朝日新聞「慰安婦問題を考える」特集要旨

 【強制連行】

 1991(平成3)~92年、朝日新聞は朝鮮人慰安婦について「強制連行された」と報じた。当時は慰安婦関係の資料発掘が進んでおらず、専門家らも裏付けを欠いたままこの語を使っていた。強制連行は使う人によって定義に幅がある。

 朝鮮半島でどのように慰安婦が集められたかという過程は、元慰安婦が名乗り出た91年以降、証言を通して明らかになっていく。慰安婦たちは、徴集の形にかかわらず、戦場で軍隊のために自由を奪われて性行為を強いられ、暴力や爆撃におびえ性病や不妊などの後遺症に苦しんだ経験を語っていた。
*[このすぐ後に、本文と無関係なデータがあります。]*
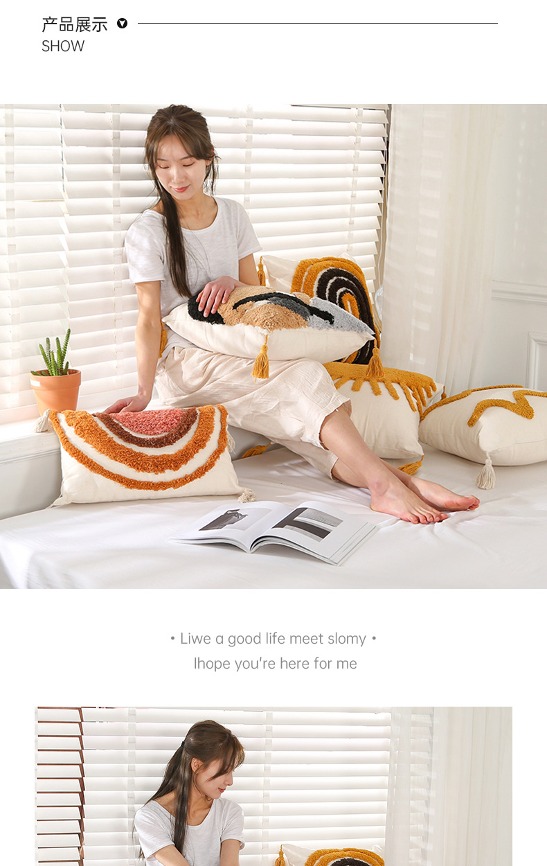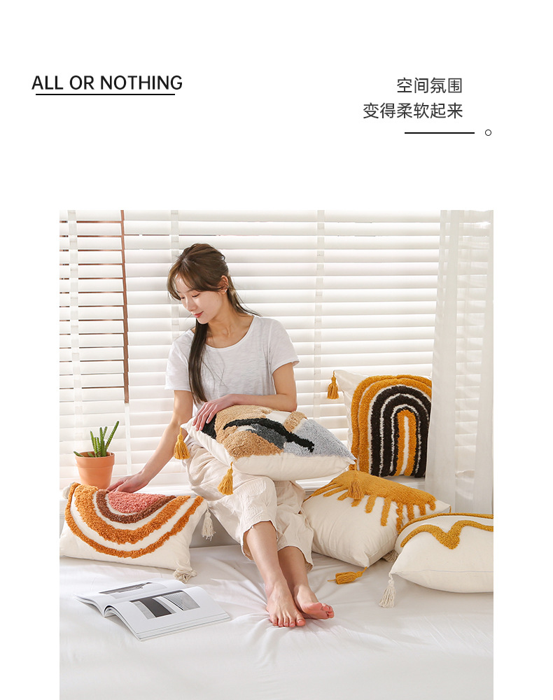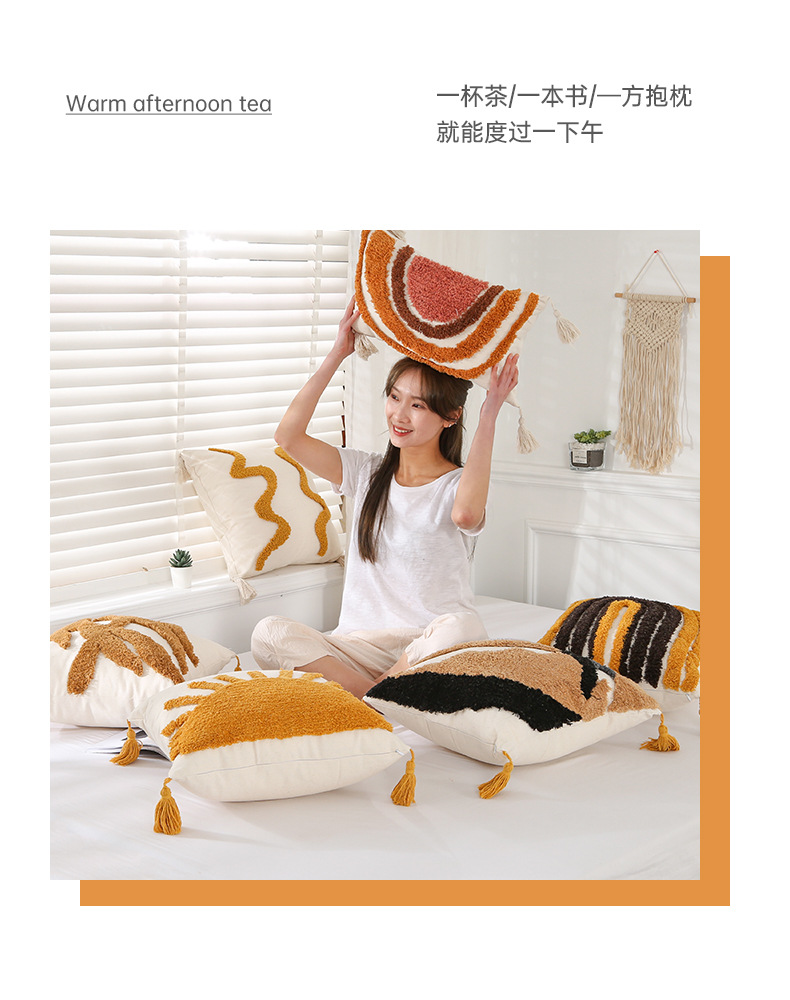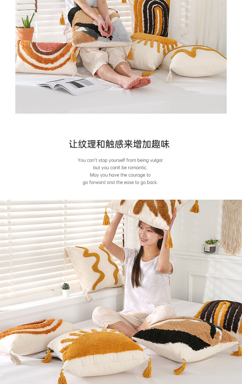 ins 簇绒抱枕套波西米亚风民宿装饰腰靠轻奢飘窗靠垫沙发流苏靠枕

 河野洋平官房長官談話は「慰安所の生活は強制的な状況で痛ましいものだった」「募集、移送、管理等も、甘言、強圧による等、総じて本人たちの意思に反して行われた」と認めた。日本政府が行った調査では、朝鮮半島では軍の意思で組織的に有形力の行使が行われるといった「狭い意味の強制連行」は確認されなかったといい、談話は「強制連行」ではなく、戦場の慰安所で自由意思を奪われた「強制」性を問題とした。

 ◇読者のみなさまへ

 日本の植民地だった朝鮮や台湾では、軍の意向を受けた業者が「良い仕事がある」などとだまして多くの女性を集めることができ、軍などが組織的に人さらいのように連行した資料は見つかっていません。一方、インドネシアなど日本軍の占領下にあった地域では、軍が現地の女性を無理やり連行したことを示す資料が確認されています。共通するのは、女性たちが本人の意に反して慰安婦にされる強制性があったことです。